══ Data for processing

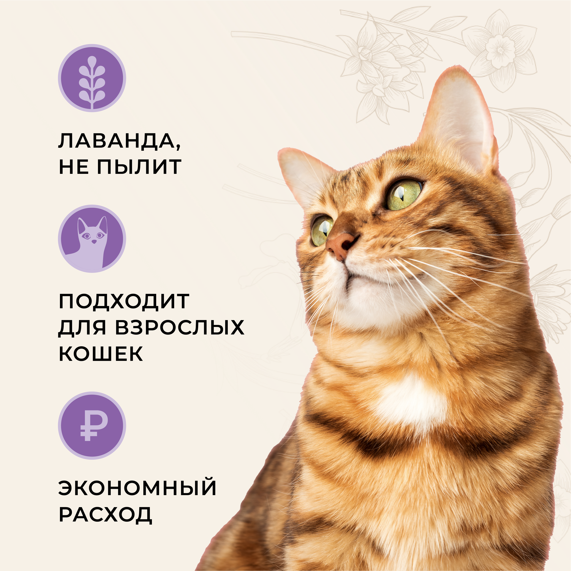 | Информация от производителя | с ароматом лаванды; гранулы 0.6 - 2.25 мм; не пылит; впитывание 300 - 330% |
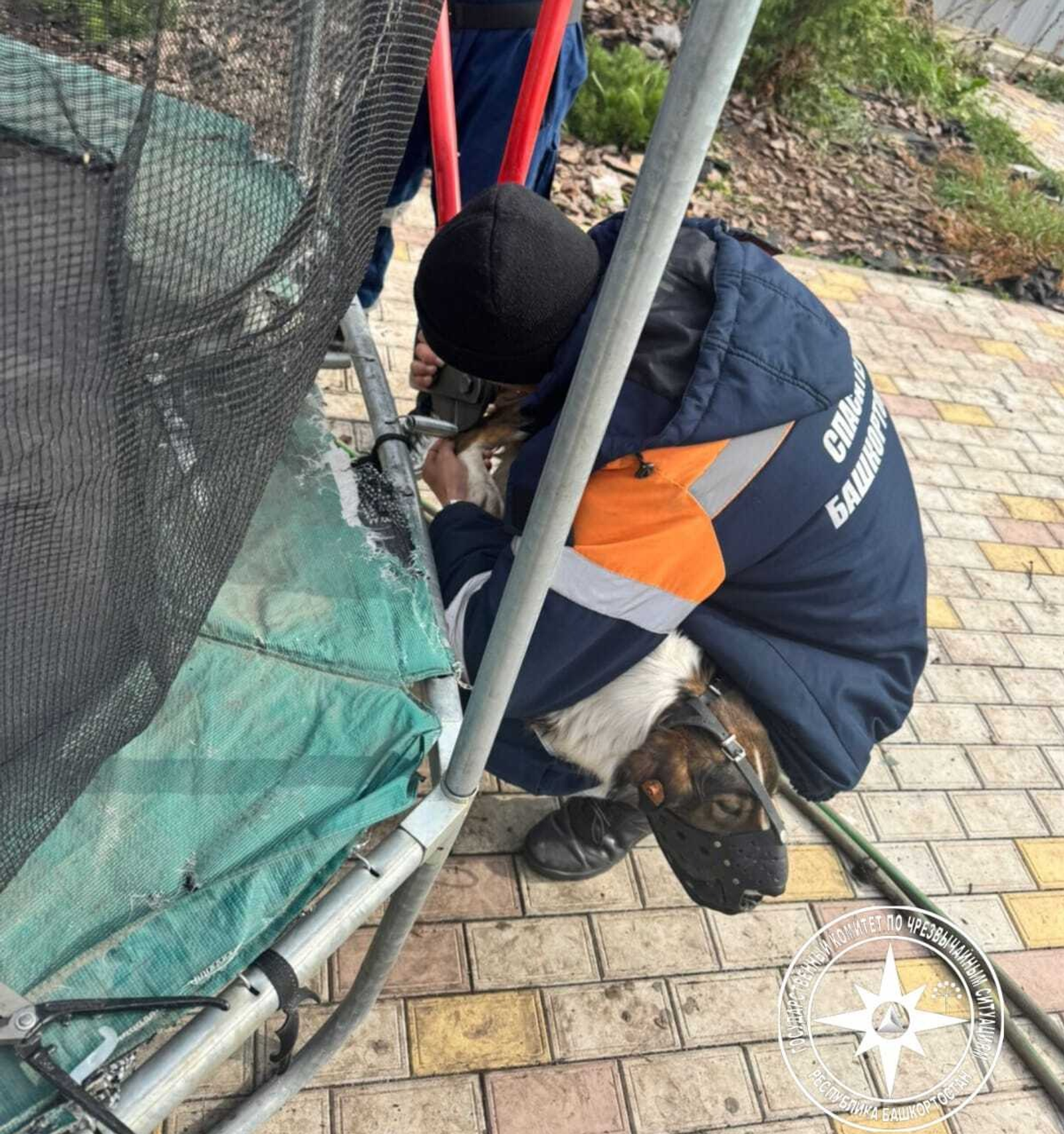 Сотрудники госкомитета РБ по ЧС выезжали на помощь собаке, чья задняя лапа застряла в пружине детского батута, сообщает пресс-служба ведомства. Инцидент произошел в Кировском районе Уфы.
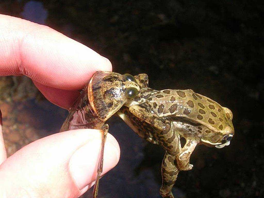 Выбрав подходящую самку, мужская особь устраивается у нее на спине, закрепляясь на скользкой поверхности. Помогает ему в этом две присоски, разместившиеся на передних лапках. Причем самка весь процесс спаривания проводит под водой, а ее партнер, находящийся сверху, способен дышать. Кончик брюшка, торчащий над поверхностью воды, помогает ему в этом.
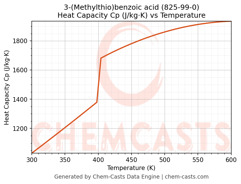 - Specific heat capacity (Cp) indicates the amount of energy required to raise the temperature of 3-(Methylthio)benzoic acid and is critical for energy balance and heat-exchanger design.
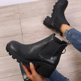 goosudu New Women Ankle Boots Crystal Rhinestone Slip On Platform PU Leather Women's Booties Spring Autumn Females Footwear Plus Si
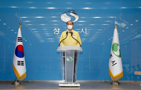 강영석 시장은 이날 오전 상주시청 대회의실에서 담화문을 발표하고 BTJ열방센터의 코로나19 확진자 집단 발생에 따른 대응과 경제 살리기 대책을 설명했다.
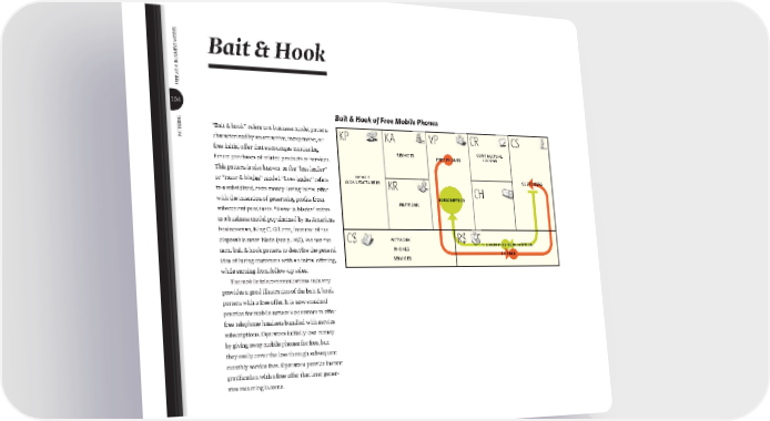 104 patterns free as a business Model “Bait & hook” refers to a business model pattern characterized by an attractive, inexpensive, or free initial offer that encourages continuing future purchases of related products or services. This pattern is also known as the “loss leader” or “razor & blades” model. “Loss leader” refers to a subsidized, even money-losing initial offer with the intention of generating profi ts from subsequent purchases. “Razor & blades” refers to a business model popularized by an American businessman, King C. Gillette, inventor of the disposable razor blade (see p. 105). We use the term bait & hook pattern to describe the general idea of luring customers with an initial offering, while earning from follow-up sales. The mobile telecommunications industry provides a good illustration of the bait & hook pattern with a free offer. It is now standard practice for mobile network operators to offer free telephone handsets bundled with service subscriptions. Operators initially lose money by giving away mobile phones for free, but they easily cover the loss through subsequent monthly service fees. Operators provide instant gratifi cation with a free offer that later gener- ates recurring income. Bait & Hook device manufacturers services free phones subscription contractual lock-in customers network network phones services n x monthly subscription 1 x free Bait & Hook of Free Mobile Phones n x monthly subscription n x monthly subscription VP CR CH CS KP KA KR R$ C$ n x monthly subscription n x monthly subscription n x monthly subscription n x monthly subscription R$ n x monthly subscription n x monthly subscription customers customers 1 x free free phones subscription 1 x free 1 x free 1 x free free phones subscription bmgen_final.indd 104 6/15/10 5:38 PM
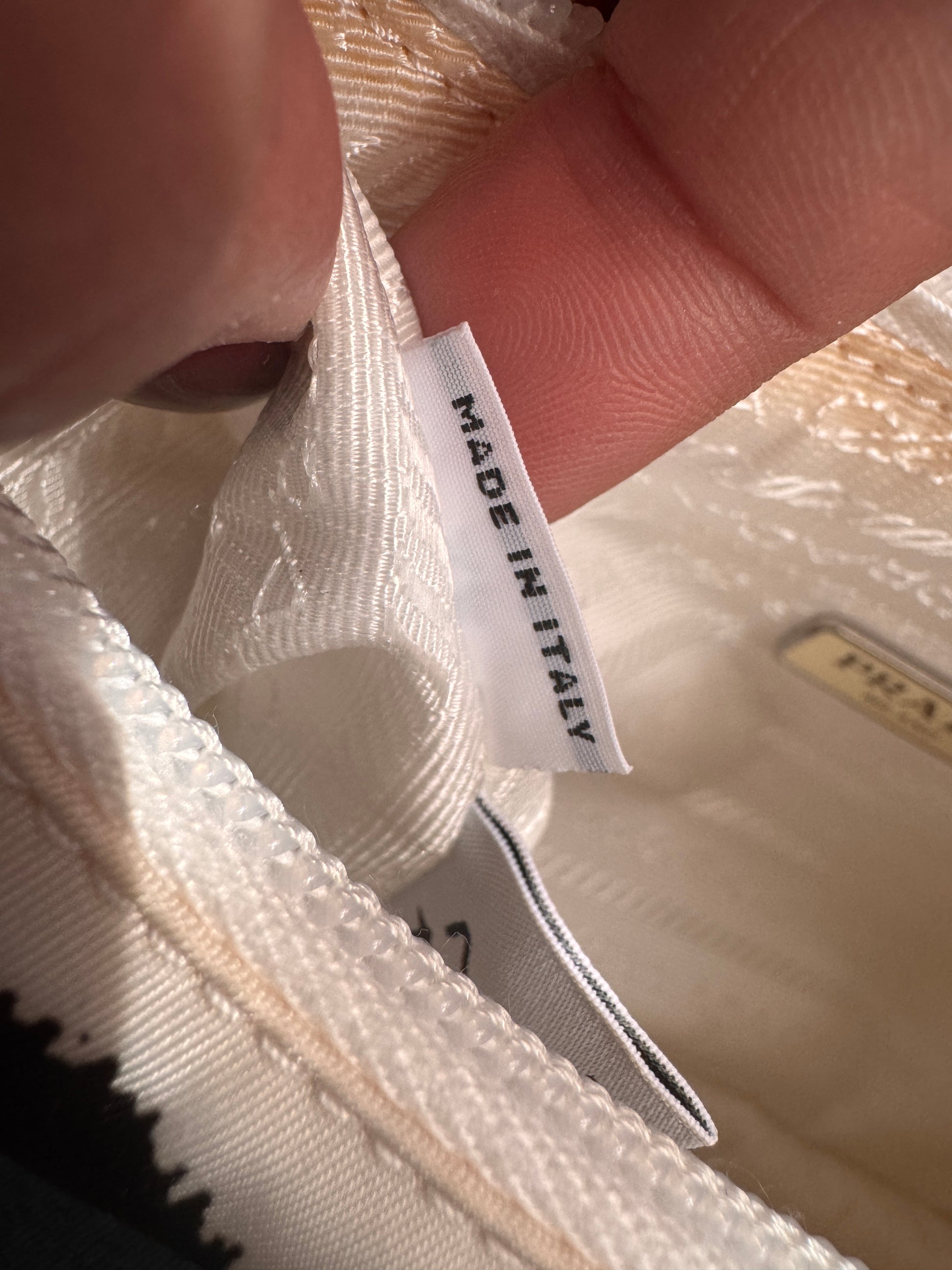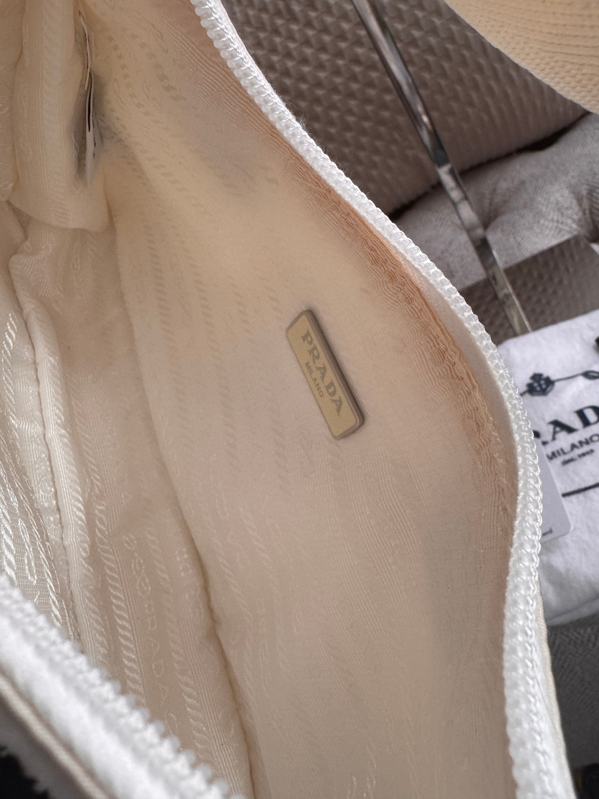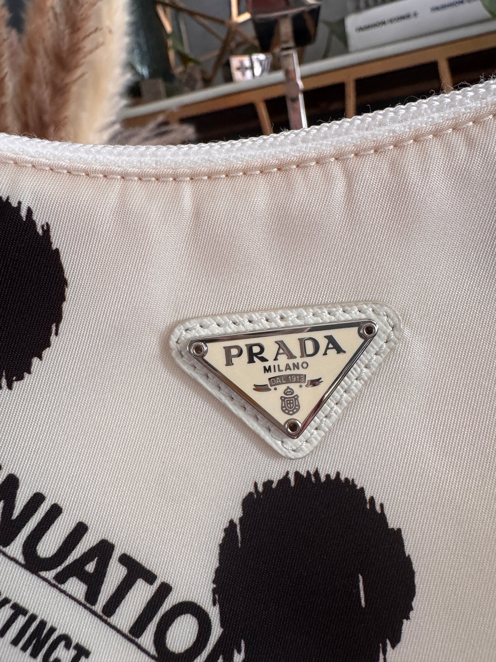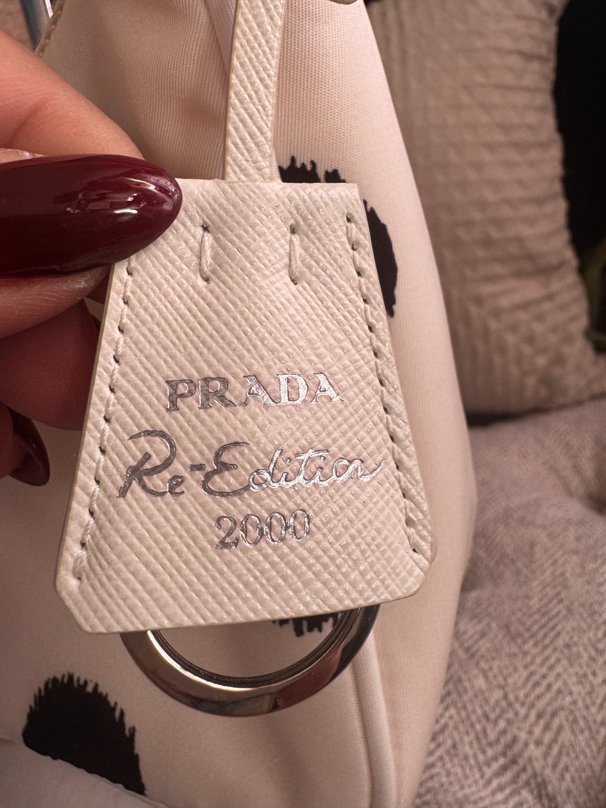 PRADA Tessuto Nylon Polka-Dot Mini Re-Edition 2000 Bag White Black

════

Exercise details: Up to and including the line containing "Сотрудники госкомитета РБ", quote each line of the entries above from the very first, please, exactly and without images.

Solution for this problem:
 | Информация от производителя | с ароматом лаванды; гранулы 0.6 - 2.25 мм; не пылит; впитывание 300 - 330% |
 Сотрудники госкомитета РБ по ЧС выезжали на помощь собаке, чья задняя лапа застряла в пружине детского батута, сообщает пресс-служба ведомства. Инцидент произошел в Кировском районе Уфы.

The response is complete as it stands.